I decided to wait on the debate Monday night sponsored by the Tom Green Democrat Club as to the elected/appointed Police Chief. Glad I did. A few minor hitches. Councilman Dwain Morrison was unable to be there, and Floyd Crider attempted to work from Dwain's notes as well he could. I point this out in case there was a slip up in communication in that process, otherwise, we have a crucial misapprehension by one of the appointed Chiefs' more prominent opponents.
One reason I was able to support this version, after going against it last time. we have clarified the appointment process, or we thought we had. The appointment itself is made by the city manager, then ratified by the City Council. Should it become necessary to remove a Chief, that is done by the City Manager on his sole authority.

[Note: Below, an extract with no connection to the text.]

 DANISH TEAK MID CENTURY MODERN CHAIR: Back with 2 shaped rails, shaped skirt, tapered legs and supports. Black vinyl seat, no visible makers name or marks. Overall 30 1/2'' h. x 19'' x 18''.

If Mr. Crider's reading of the notes was accurate, Mr. Morrison seemed to believe a Chief could be removed anytime four Council members disliked him.
I suppose the case could be made, but it is a heck of a stretch. Yes, a bloc of four Council members can remove the manager, so in theory they could either threaten to exercize that authority to bend a manager to their will, or in the extremity, actually fire and replace the manager to get to the Police Chief. In practice such a move is nearly always a public relations disaster. Those of us who are old enough to recall the Nixon years can remember how well it worked for him as Nixon went through two Attorneys General in a weekend before a third finally fired Archie Cox.

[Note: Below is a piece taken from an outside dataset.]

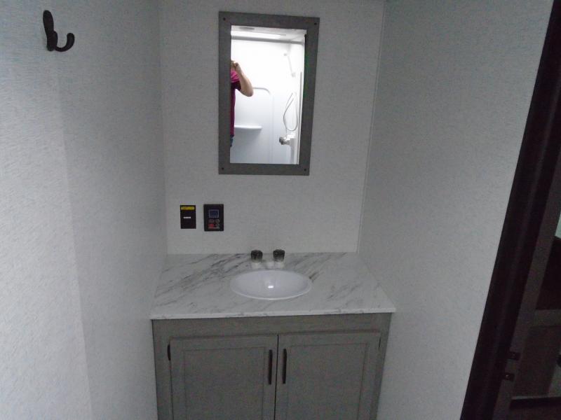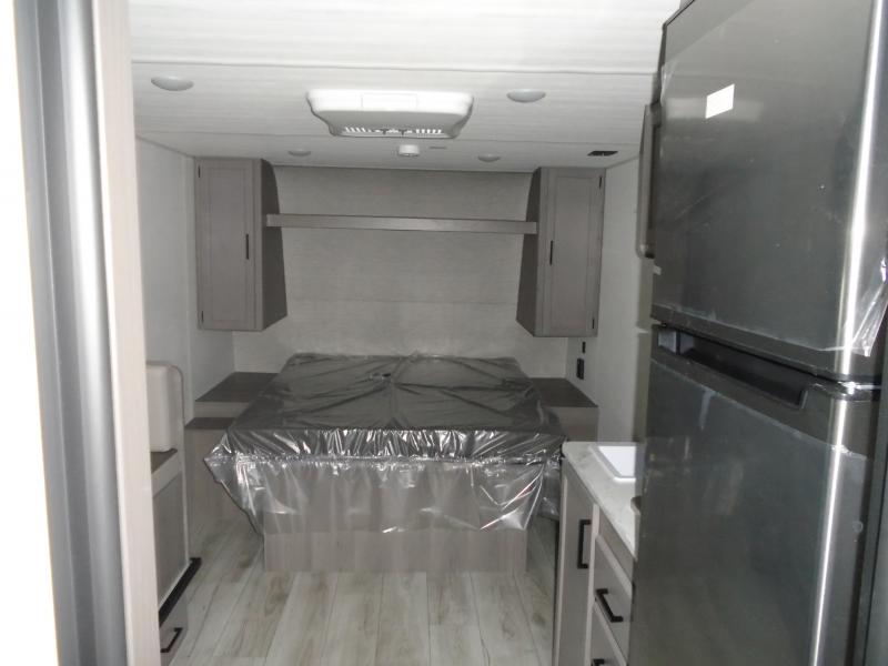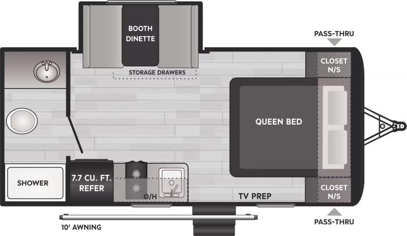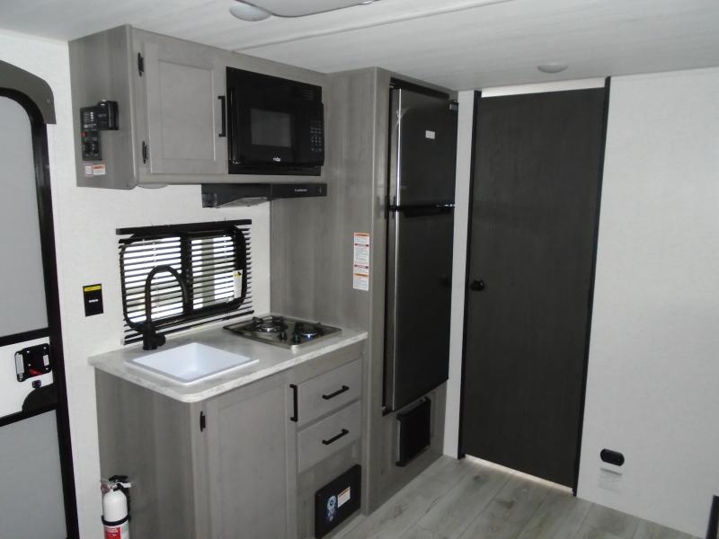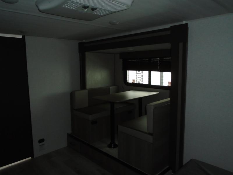 It's time to enjoy the great outdoors with family and friends at the campgrounds you like to meet everyone at! This trailer will allow three to four to camp comfortability with amenities such as a two burner cooktop, a 7.7 cu. ft. refrigerator, and a spacious rear full bathroom. The booth dinette slide offers a place to dine, read a book and even provides sleeping space and storage drawers for board games or throw blankets. The slide gives the interior more floor space as well. This model also includes a walk-around queen bed that will make your space feel a little more like home!

I mentioned our meeting with WTOS. I do not intend to characterize their postion as a group, so I stress, these were questions from individual members. One set of questions went to the the possible process of removal/replacement under the current elected system. Well, in between four year elections, there isn't much. The recall mechanism was mentioned, but as a political reality, it is virtually undoable. A recall election would need over 5,000 valid signatures just to be scheduled and the group capable of mobilising that effort in San Angelo is non-existent.
A point that came up, what if the police dept. has become so factionalized that we might want to bring in a Chief from outside San Angelo, a qualified candidate with no ties to any group or internal candidate? Under the elected Chief system, that is not an option. While the qualifications for an elected Chief don't even mention a law enforcement background, a candidate has to be a two year resident of the city. On that, under the appointed Chief, by state law, we could hire a Chief from anywhere, but a candidate must have five years experience minimum, with at least an Intermediate Master Officer's certification.

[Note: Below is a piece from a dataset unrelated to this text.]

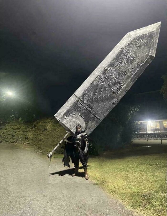 A person dressed in a costume holds an enormous sword at night, evoking curiosity.

I add, on this last, I would like it if we could "promote from within" when possible, having a new Chief familiar with the city. That would require stability in the Dept. and a process aimed at training a few promising candidates who show leadership potential. We have neither. The "house divided against itself" has been mentioned too often, by too many to be a fantasy. Under the elected system, what encouragement does any Chief have to train up a potential electoral opponent?
I think it is time to tackle this problem. The timing suits. If approved by the voters, the appointment process would take effect at the end of this term in May. We have, aside from the usually divisive election, a felony investigation of Chief Vasquez underway. However that investigation turns out, it points up a huge defect in the elected method.
I know of and understand the reluctance of many voters to yield direct elective say on any office, but in this case, I believe it's time to do so for good reason. Too few voters know the "rest of the story" well enough to make the best decision on this crucial office.